─── WORKING DATA
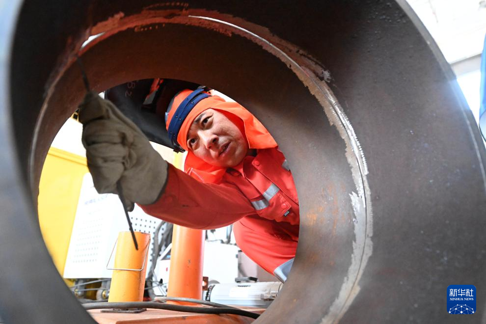 4月29日,刘海林在位于海油工程天津智能制造基地的工作室检查一处焊缝。
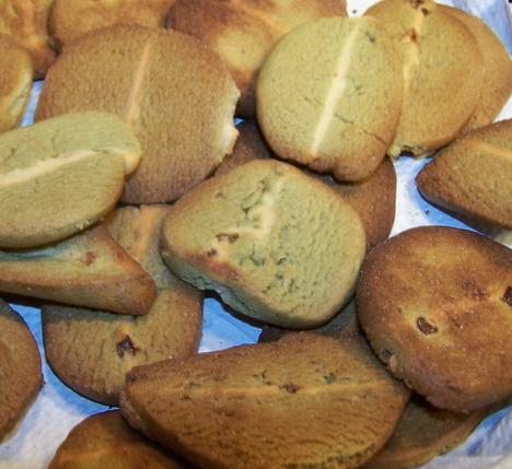 烘烤: 150℃/130℃ 20分钟 烤时候请注意,我有点时间长了,饼干有点变色了,绿茶东西很容易变色。
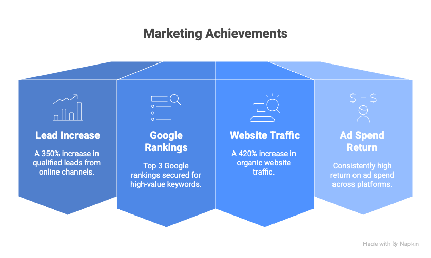 - 420% Increase in Organic Website Traffic due to sustained SEO and content efforts.
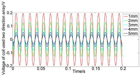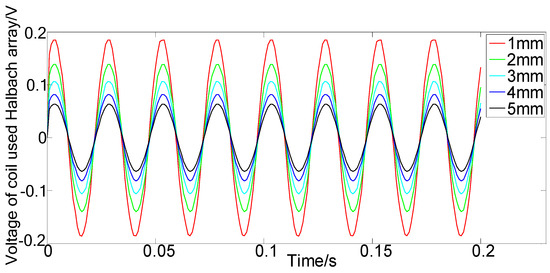 The periodic curve of induced voltage versus time in the coil of the REMEH with the Halbach array is shown in Figure 8. When the gap between the coil and the magnet array increases, the amplitude of the induced voltage decreases, while the frequency and period of the induced voltage remain unchanged. The decrease in magnetic induction as the gap increases is the reason for the decrease in the induced voltage in the coil.
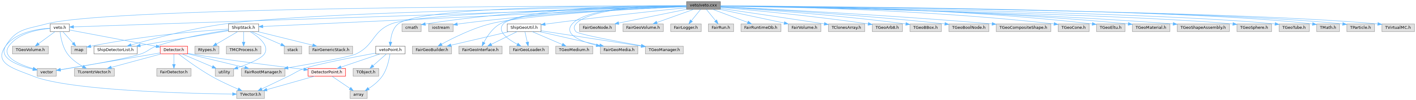 This file contains the definitions for the Veto class used in the FairShip Software. The class is responsible for simulating the Decay Vessel(helium) + integrated SBT geometry and interactions.
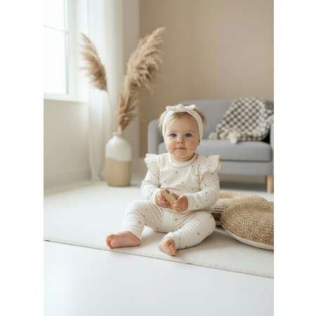 Основной цвет молочный, что создает уютную атмосферу. Узор в виде маленьких сердечек добавляет милоты и игривости. Боди с декор в виде крылышек на плечах придает костюму стильный и элегантный вид. Мягкий хлопковый материал обеспечивает комфорт и свободу движений, идеально подходя как для игр дома, так и для прогулок.
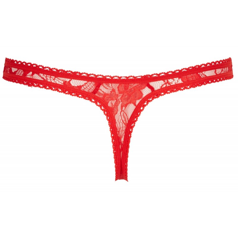Délicieuse ficelle de dentelle florale avec un entrejambe ouvert invitant.
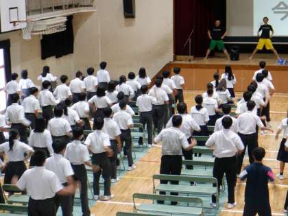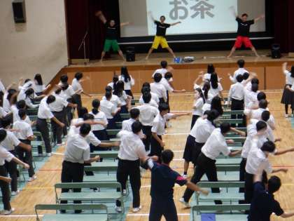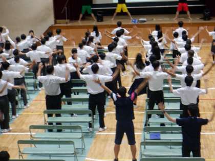 また、手話に親しんでほしいということで、「手話体操」を紹介していただき、学校全体で体操をしました。
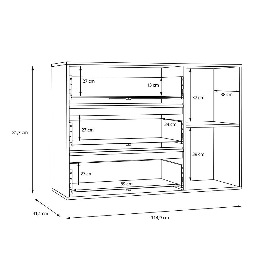 Komoda Whiteheaven to wyjątkowy mebel, który łączy w sobie funkcjonalność, elegancję i nowoczesny design. Ta jednodrzwiowa komoda z trzema szufladami została zaprojektowana z myślą o przechowywaniu i stylowym wystroju wnętrza.
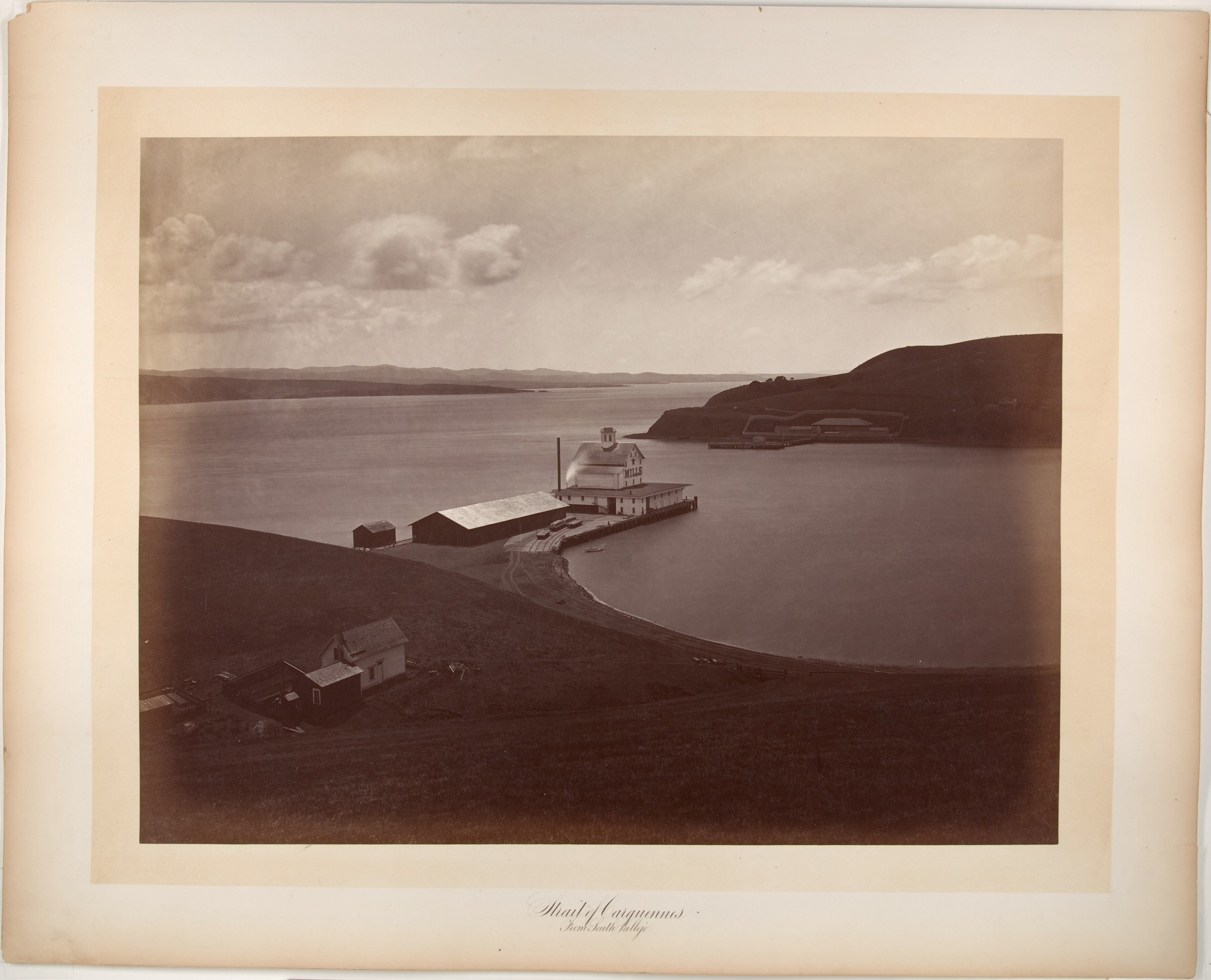 When Watkins exhibited his mammoth prints in 1869, a critic remarked, "They justly deserve the encomiums passed upon them. For clearness, strength, and softness of tone, these picturesque views are unexcelled; and while they present truthful representations of the scene chosen, they are an earnest of the artistic skill of the photographer." The site of this photograph (known today as the Carquinez Strait) is a narrow, tidal body of water twenty miles inland from the mouth of San Francisco Bay. Part of a busy, deep-water shipping channel to Sacramento, the strait (and the surrounding shoreland) is still beloved for its extraordinary beauty and diversity of wildlife and flora. The Star Flour Mills (center) is featured by Robert Louis Stevenson in The Silverado Squatters (1883), his prescient travelogue about the California wine country of Napa Valley. Stevenson's account of his 1880 honeymoon discusses his journey from San Francisco to Calistoga and Mount Saint Helena, where he and his new wife and stepson lived for two months as "squatters" in the bunkhouse of an abandoned mining camp.
──────
TASK ITEM: Please reproduce the entries above exactly, omitting every picture.

RESULT:
 4月29日,刘海林在位于海油工程天津智能制造基地的工作室检查一处焊缝。
 烘烤: 150℃/130℃ 20分钟 烤时候请注意,我有点时间长了,饼干有点变色了,绿茶东西很容易变色。
 - 420% Increase in Organic Website Traffic due to sustained SEO and content efforts.
 The periodic curve of induced voltage versus time in the coil of the REMEH with the Halbach array is shown in Figure 8. When the gap between the coil and the magnet array increases, the amplitude of the induced voltage decreases, while the frequency and period of the induced voltage remain unchanged. The decrease in magnetic induction as the gap increases is the reason for the decrease in the induced voltage in the coil.
 This file contains the definitions for the Veto class used in the FairShip Software. The class is responsible for simulating the Decay Vessel(helium) + integrated SBT geometry and interactions.
 Основной цвет молочный, что создает уютную атмосферу. Узор в виде маленьких сердечек добавляет милоты и игривости. Боди с декор в виде крылышек на плечах придает костюму стильный и элегантный вид. Мягкий хлопковый материал обеспечивает комфорт и свободу движений, идеально подходя как для игр дома, так и для прогулок.
Délicieuse ficelle de dentelle florale avec un entrejambe ouvert invitant.
 また、手話に親しんでほしいということで、「手話体操」を紹介していただき、学校全体で体操をしました。
 Komoda Whiteheaven to wyjątkowy mebel, który łączy w sobie funkcjonalność, elegancję i nowoczesny design. Ta jednodrzwiowa komoda z trzema szufladami została zaprojektowana z myślą o przechowywaniu i stylowym wystroju wnętrza.
 When Watkins exhibited his mammoth prints in 1869, a critic remarked, "They justly deserve the encomiums passed upon them. For clearness, strength, and softness of tone, these picturesque views are unexcelled; and while they present truthful representations of the scene chosen, they are an earnest of the artistic skill of the photographer." The site of this photograph (known today as the Carquinez Strait) is a narrow, tidal body of water twenty miles inland from the mouth of San Francisco Bay. Part of a busy, deep-water shipping channel to Sacramento, the strait (and the surrounding shoreland) is still beloved for its extraordinary beauty and diversity of wildlife and flora. The Star Flour Mills (center) is featured by Robert Louis Stevenson in The Silverado Squatters (1883), his prescient travelogue about the California wine country of Napa Valley. Stevenson's account of his 1880 honeymoon discusses his journey from San Francisco to Calistoga and Mount Saint Helena, where he and his new wife and stepson lived for two months as "squatters" in the bunkhouse of an abandoned mining camp.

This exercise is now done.